Is there any reason to capture a return-value as an rvalue-reference?

I have a move-only struct Foo, and a function Foo get();

If I want to capture the return value of get in a mutable manner, I have two options:

When I capture by rvalue-reference I create an lvalue, much like capturing by value.

I'm struggling to see the point between the different options?

Working example:

#include <iostream>

struct Foo
{
    Foo(std::string s) : s(std::move(s)) {}
    Foo(Foo&& f)       : s(std::move(f.s)) {}

    Foo(const Foo&) = delete;
    Foo& operator=(const Foo&) = delete;

    std::string s;
};

Foo get()
{
    return Foo { "hello" };
}

int main()
{
    // capture return value as l-value
    Foo lv1 = get();

    // move into another lvalue
    Foo lv2 = std::move(lv1);
    std::cout << lv2.s << '\n';

    // capture return value as r-value reference
    Foo&& rv1 = get();

    // move into another lvalue
    Foo lv3 = std::move(rv1);
    std::cout << lv3.s << '\n';

    return 0;
}

Upvotes: 5

Views: 757

Answers (2)

Yakk - Adam Nevraumont
Yakk - Adam Nevraumont

Reputation: 275385

Foo&&

this creates a reference to a temporary value (or stores a rvalue reference assigned to it). If it stores a reference to a temporary value, its lifetime extends the value.

Foo

This stores a copy of the value, regardless of what was returned.

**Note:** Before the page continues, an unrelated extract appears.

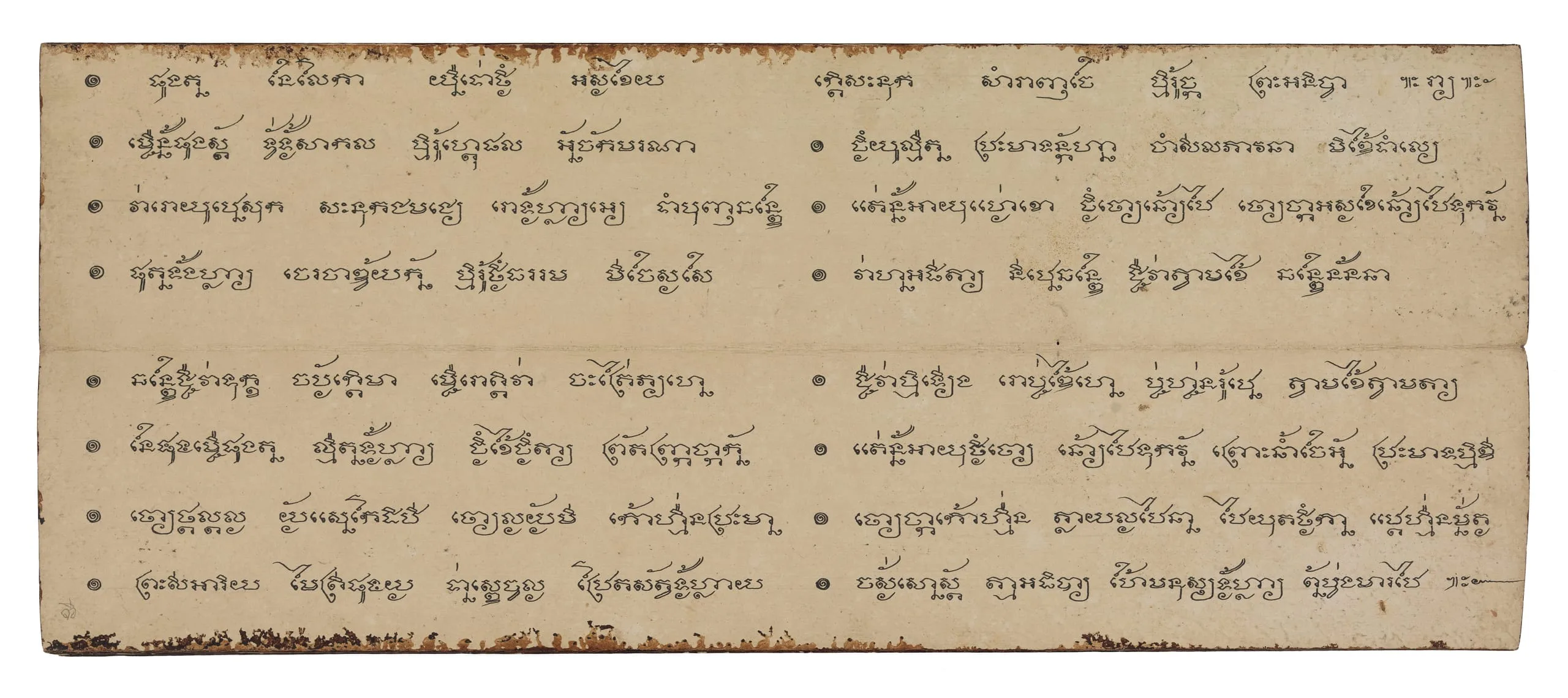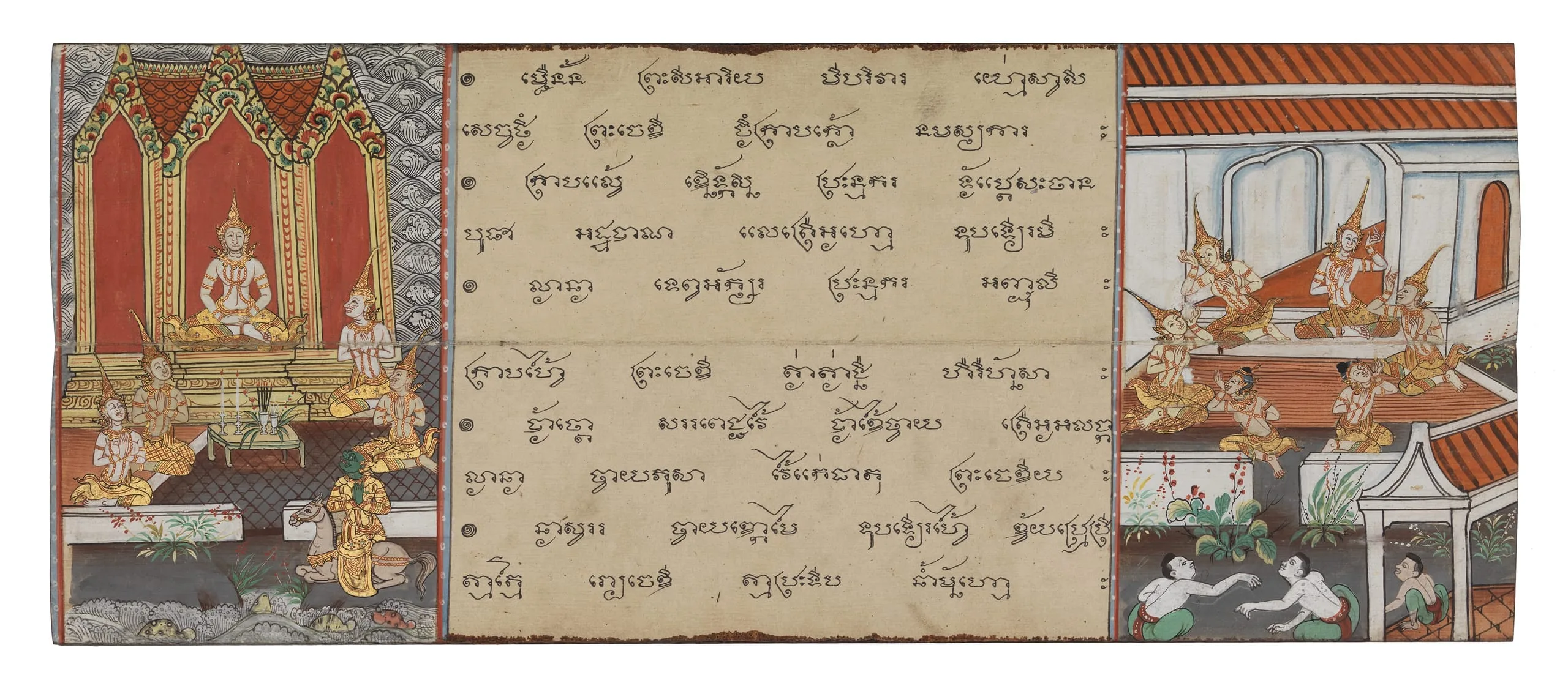 This Buddhist manuscript combines some tales of the past lives of the Buddha (Jatakas) with the account of the Sri Lankan monk Arhat Maliyadeva (2nd century BCE), who is known as Phra Malai in Thailand. The monk is said to have attained supernatural powers through his accumulated merit and meditation. His story was one of the most popular themes in 19th-century Thai Theravada literature and was often recited at funerals.

In C++11 and 14, if Foo cannot be moved, assigning Foo make_foo() to a variable of type Foo is illegal. There is a move there, even if the move is elided (and the return value and the value in the outer scope have merged lifetimes).

In C++17, guaranteed elision means that no move constructor need exist.

Foo x = make_foo(); // Foo make_foo()

the above in C++17 guarantees that the return value of make_foo() is just named x. In fact, a temporary within make_foo may also be x; the same object, with different names. No move need occur.

There are a few other subtle differences. decltype(x) will return the declared type of x; so Foo or Foo&& depending.

Another important difference is its use with auto.

auto&& x = some_function();

this creates a reference to anything. If some_function returns a temporary, it binds an rvalue reference to it and extends its lifetime. If it returns a reference, x matches the type of the reference.

auto x = some_function();

this creates a value, which may be copied from what some_function returns, or may be elided with the return value of some_function if it returns a temporary.

auto&& means, in a sense, "just make it work, and don't do extra work", and it could deduce to a Foo&&. auto means "store a copy".

In the "almost always auto" style, these will be more common than an explicit Foo or Foo&&.

auto&& will never deduce to Foo, but can deduce to Foo&&.

The most common uses of auto&&, even outside of almost always auto, would be:

for(auto&& x : range)

where x becomes an efficient way to iterate over the range, where we don't care what type range has much. Another common use is:

[](auto&& x){ /* some code */ }

lambdas are often used in contexts where the type is obvious and not worth typing again, like being passed to algorithms or the like. By using auto&& for parameter types we make the code less verbose.

Upvotes: 4

Nicol Bolas
Nicol Bolas

Reputation: 473322

Foo lv1 = get();

This requires that Foo is copy/moveable.

Foo&& rv1 = get();

This does not (at least, not as far as this line of code is concerned; the implementation of get may still require one).

Even though compilers are permitted to elide the copy of the return value into the variable, copy initialization of this form still requires the existence of an accessible copy or move constructor.

So if you want to impose as few limitations on the type Foo as possible, you can store a && of the returned value.

Of course, C++17 changes this rule so that the first one doesn't need a copy/move constructor.